Data excerpts:
========================================
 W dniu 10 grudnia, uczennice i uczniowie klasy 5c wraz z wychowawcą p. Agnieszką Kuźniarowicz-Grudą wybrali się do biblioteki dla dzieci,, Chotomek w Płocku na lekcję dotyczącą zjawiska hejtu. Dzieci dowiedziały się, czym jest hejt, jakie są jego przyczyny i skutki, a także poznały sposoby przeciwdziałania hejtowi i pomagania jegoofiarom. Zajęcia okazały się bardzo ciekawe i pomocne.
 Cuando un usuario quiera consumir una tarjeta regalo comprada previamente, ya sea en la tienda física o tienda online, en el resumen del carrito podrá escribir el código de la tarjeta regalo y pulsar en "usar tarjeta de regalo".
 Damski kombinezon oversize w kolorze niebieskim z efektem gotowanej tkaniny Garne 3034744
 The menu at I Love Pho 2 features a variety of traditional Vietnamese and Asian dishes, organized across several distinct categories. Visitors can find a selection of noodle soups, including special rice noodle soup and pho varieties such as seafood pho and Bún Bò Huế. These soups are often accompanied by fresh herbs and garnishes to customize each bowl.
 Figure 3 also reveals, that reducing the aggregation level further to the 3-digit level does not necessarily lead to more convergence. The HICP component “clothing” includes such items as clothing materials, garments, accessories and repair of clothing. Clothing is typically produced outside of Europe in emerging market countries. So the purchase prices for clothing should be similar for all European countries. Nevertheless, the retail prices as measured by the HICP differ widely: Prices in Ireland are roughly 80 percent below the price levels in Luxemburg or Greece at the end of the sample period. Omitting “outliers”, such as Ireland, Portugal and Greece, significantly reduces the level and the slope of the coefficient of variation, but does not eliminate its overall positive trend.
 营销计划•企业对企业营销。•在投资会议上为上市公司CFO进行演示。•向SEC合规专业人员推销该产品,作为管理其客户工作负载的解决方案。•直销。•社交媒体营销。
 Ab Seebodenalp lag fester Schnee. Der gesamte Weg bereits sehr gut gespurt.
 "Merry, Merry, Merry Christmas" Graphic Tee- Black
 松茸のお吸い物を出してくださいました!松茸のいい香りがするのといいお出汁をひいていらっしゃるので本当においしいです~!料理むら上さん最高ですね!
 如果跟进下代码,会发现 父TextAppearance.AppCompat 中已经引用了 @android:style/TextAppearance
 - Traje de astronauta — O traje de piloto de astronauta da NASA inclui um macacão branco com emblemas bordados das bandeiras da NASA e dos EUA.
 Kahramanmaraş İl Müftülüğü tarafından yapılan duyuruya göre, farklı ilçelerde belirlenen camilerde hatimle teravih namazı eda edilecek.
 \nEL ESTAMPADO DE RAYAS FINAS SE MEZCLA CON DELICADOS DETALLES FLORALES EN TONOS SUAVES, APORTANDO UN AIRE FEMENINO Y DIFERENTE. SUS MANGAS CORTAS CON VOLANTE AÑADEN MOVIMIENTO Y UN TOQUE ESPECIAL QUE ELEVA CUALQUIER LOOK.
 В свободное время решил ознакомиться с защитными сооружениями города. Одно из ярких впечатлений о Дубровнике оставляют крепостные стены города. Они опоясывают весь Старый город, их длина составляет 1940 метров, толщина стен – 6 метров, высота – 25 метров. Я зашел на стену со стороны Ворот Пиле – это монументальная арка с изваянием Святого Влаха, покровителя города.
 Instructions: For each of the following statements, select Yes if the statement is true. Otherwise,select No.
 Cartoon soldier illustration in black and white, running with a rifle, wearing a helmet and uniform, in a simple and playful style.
========================================
Once more, write out the entries exactly as they were written.

 W dniu 10 grudnia, uczennice i uczniowie klasy 5c wraz z wychowawcą p. Agnieszką Kuźniarowicz-Grudą wybrali się do biblioteki dla dzieci,, Chotomek w Płocku na lekcję dotyczącą zjawiska hejtu. Dzieci dowiedziały się, czym jest hejt, jakie są jego przyczyny i skutki, a także poznały sposoby przeciwdziałania hejtowi i pomagania jegoofiarom. Zajęcia okazały się bardzo ciekawe i pomocne.
 Cuando un usuario quiera consumir una tarjeta regalo comprada previamente, ya sea en la tienda física o tienda online, en el resumen del carrito podrá escribir el código de la tarjeta regalo y pulsar en "usar tarjeta de regalo".
 Damski kombinezon oversize w kolorze niebieskim z efektem gotowanej tkaniny Garne 3034744
 The menu at I Love Pho 2 features a variety of traditional Vietnamese and Asian dishes, organized across several distinct categories. Visitors can find a selection of noodle soups, including special rice noodle soup and pho varieties such as seafood pho and Bún Bò Huế. These soups are often accompanied by fresh herbs and garnishes to customize each bowl.
 Figure 3 also reveals, that reducing the aggregation level further to the 3-digit level does not necessarily lead to more convergence. The HICP component “clothing” includes such items as clothing materials, garments, accessories and repair of clothing. Clothing is typically produced outside of Europe in emerging market countries. So the purchase prices for clothing should be similar for all European countries. Nevertheless, the retail prices as measured by the HICP differ widely: Prices in Ireland are roughly 80 percent below the price levels in Luxemburg or Greece at the end of the sample period. Omitting “outliers”, such as Ireland, Portugal and Greece, significantly reduces the level and the slope of the coefficient of variation, but does not eliminate its overall positive trend.
 营销计划•企业对企业营销。•在投资会议上为上市公司CFO进行演示。•向SEC合规专业人员推销该产品,作为管理其客户工作负载的解决方案。•直销。•社交媒体营销。
 Ab Seebodenalp lag fester Schnee. Der gesamte Weg bereits sehr gut gespurt.
 "Merry, Merry, Merry Christmas" Graphic Tee- Black
 松茸のお吸い物を出してくださいました!松茸のいい香りがするのといいお出汁をひいていらっしゃるので本当においしいです~!料理むら上さん最高ですね!
 如果跟进下代码,会发现 父TextAppearance.AppCompat 中已经引用了 @android:style/TextAppearance
 - Traje de astronauta — O traje de piloto de astronauta da NASA inclui um macacão branco com emblemas bordados das bandeiras da NASA e dos EUA.
 Kahramanmaraş İl Müftülüğü tarafından yapılan duyuruya göre, farklı ilçelerde belirlenen camilerde hatimle teravih namazı eda edilecek.
 \nEL ESTAMPADO DE RAYAS FINAS SE MEZCLA CON DELICADOS DETALLES FLORALES EN TONOS SUAVES, APORTANDO UN AIRE FEMENINO Y DIFERENTE. SUS MANGAS CORTAS CON VOLANTE AÑADEN MOVIMIENTO Y UN TOQUE ESPECIAL QUE ELEVA CUALQUIER LOOK.
 В свободное время решил ознакомиться с защитными сооружениями города. Одно из ярких впечатлений о Дубровнике оставляют крепостные стены города. Они опоясывают весь Старый город, их длина составляет 1940 метров, толщина стен – 6 метров, высота – 25 метров. Я зашел на стену со стороны Ворот Пиле – это монументальная арка с изваянием Святого Влаха, покровителя города.
 Instructions: For each of the following statements, select Yes if the statement is true. Otherwise,select No.
 Cartoon soldier illustration in black and white, running with a rifle, wearing a helmet and uniform, in a simple and playful style.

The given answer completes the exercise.